一つ目として、昭和~平成~令和と時代の推移の中で人材市場がどうシフトしたのか、その具体的な内容について以下挙げてみました。


平成の30年間の間に「終身雇用」の実態は崩れ、確固たる「転職市場の形成」を経て「転職概念の変化」にまで至りました。
バブル崩壊から就職氷河期が続き更にはリーマンショックや東日本大震災といった、企業経営が苦しくなり始めた平成の時代、早期退職制度が多くの企業で取り込まれる等、「終身雇用」を前提に採用をしていた時代は終わりました。


転職市場には求職者も求人企業も飛躍的に増加し、それと共に人材紹介や人材派遣、転職サイトの事業者の数も増加。
それに呼応する形で更に中途採用の求職者も求人企業も増え、転職市場の規模は飛躍的に大きくなりました。
こうして人材市場は「終身雇用」を前提とした「囲い込み」の時代から「流動性」の時代へ「全国的に」推移しました。
東京の大企業・中堅企業と比べて待遇面で劣る地域中小企業においてこそ、この厳しい変化の現実を一早く知り適応するための施策を打つことが人材確保への近道といえます。


また更にはその動きに伴って起きたことが「転職概念の変化」でした。
まず求職者サイドからの観点ですが、昭和の時期には「転職はできればしない方がよい、キャリアに傷がつく、世間映えがよくない」とネガティブに捉えられましたが、「キャリアップのために転職をする」「会社が自分に合わなければ環境を変えるべき」とポジティブな捉え方に180度変わりました。

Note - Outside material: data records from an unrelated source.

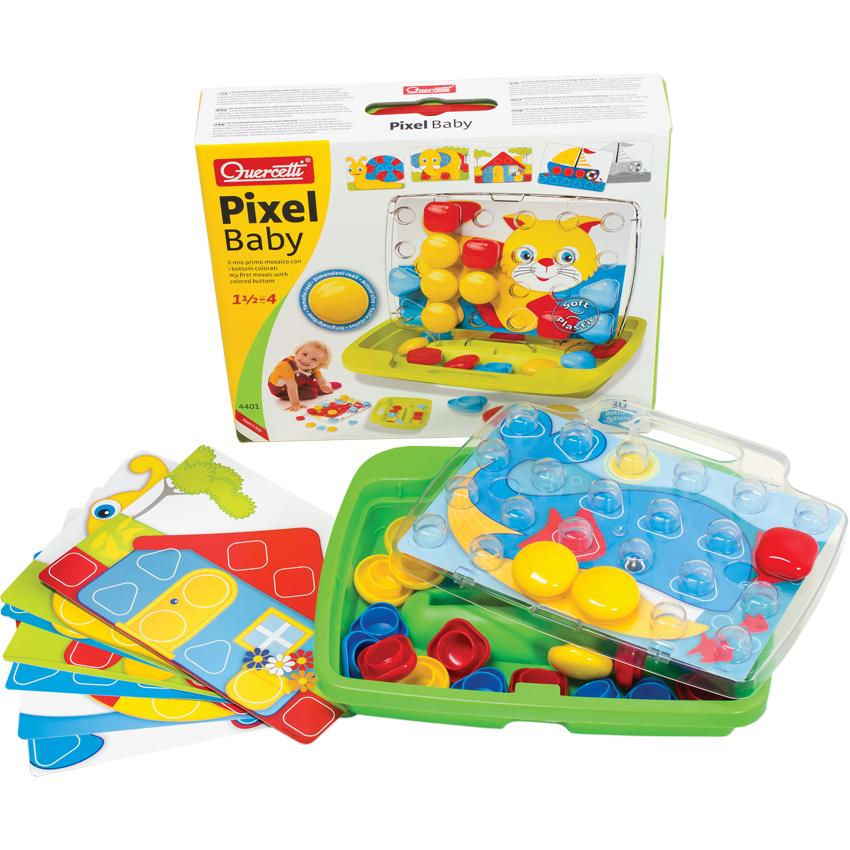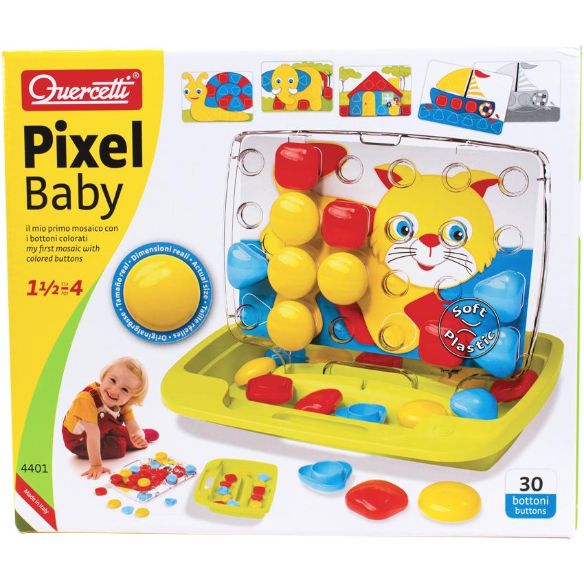 Made in Italy, the Pixel Baby case has a built-in handle, making it easy to carry around. It contains eight toddler-friendly, double-sided pattern cards and 30 extra-large buttons, all packaged into a lovely carrying case. Pixel Baby stimulates creativity, visual perception, matching, fine motor skills, and cognitive growth.
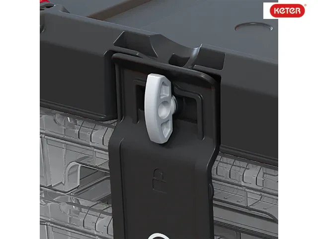 Removable dividers let you customise your space to fit different sized items. A polycarbonate locking strip keeps drawers secured in the storage frame at all times. Fitted with a fold-down carry handle for easy portability.
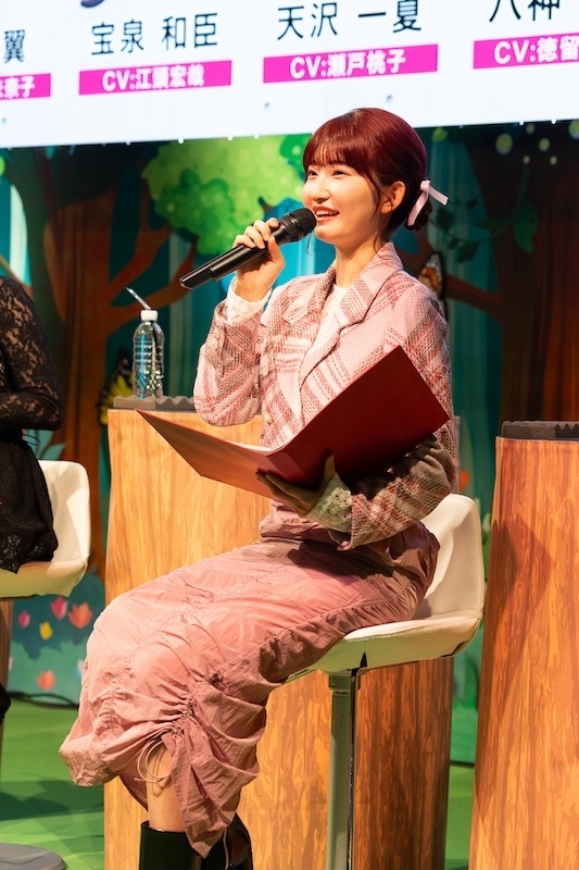 千葉さんから、天沢以外の気になる新キャラクターを聞かれ、瀬戸さんが新1年生の中で最初に名前を挙げたのは、椿桜子。「自分の名前が『桃子』なので、オーディションの時、椿にめちゃくちゃ力を入れていたんです」という裏話を明かして、千葉さんやファンを笑わせました。久保さんは「この作品では優しそうなイケメンがそのままでは終わらないので、八神(拓也)君は、どうなんだろう」と気になっていると語ります。
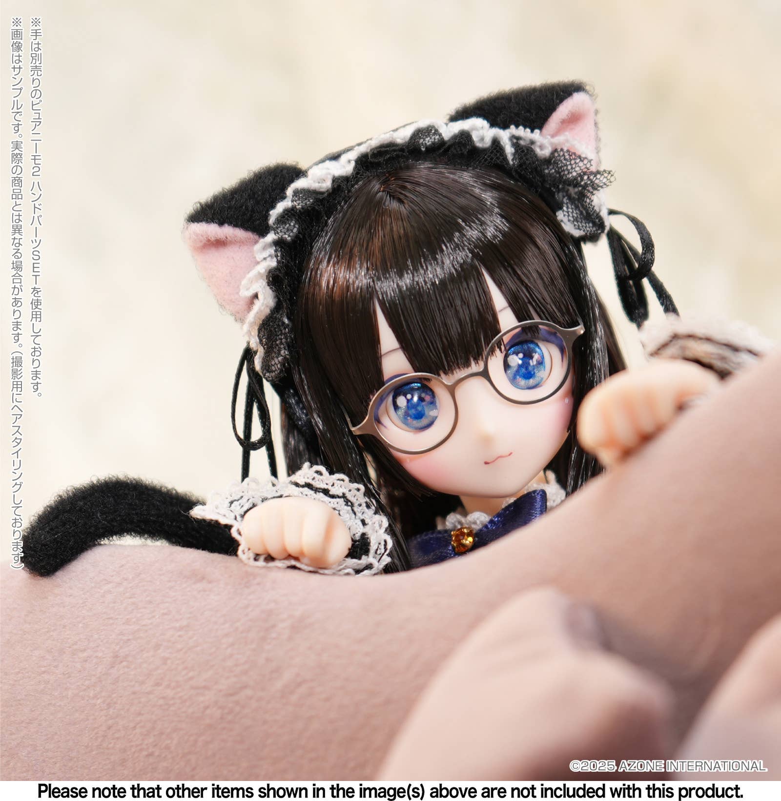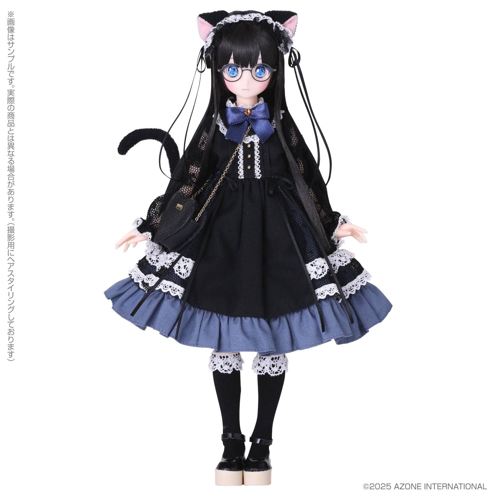 Shiho Asahina is the first character in Azone's new series "A Gift from M.K."! Mary Knight will coordinate Shiho's entire look; she's dressed in black and blue, with her sparkling sapphire blue eyes made with metallic paint! Her blue eye makeup draws further attention to her gorgeous eyes, and she has a catlike mouth. Her metal glasses are silver-colored for the first time, and her long, straight black hair is worn in a heavy princess cut, making it a perfect match for her adorable outfit! She's built on a Pure Neemo 2 Emotion body for superior posability, too. Invite Shiho into your own doll family today!

また求人企業再度からの観点としては、中途採用において「転職歴が3回以上ある求職者は採用対象とすべきでない」と捉える時代から、「転職歴が3回あるということは経営者・組織・風土・文化の違う会社を3回経験している」、「そしてキャリアアップを図った転職であることから採用対象として検討に値する」と、これもポジティブに捉える時代に変化しました(裏を返すとそこまで検討対象にしないと応募者形成できないのもあります)。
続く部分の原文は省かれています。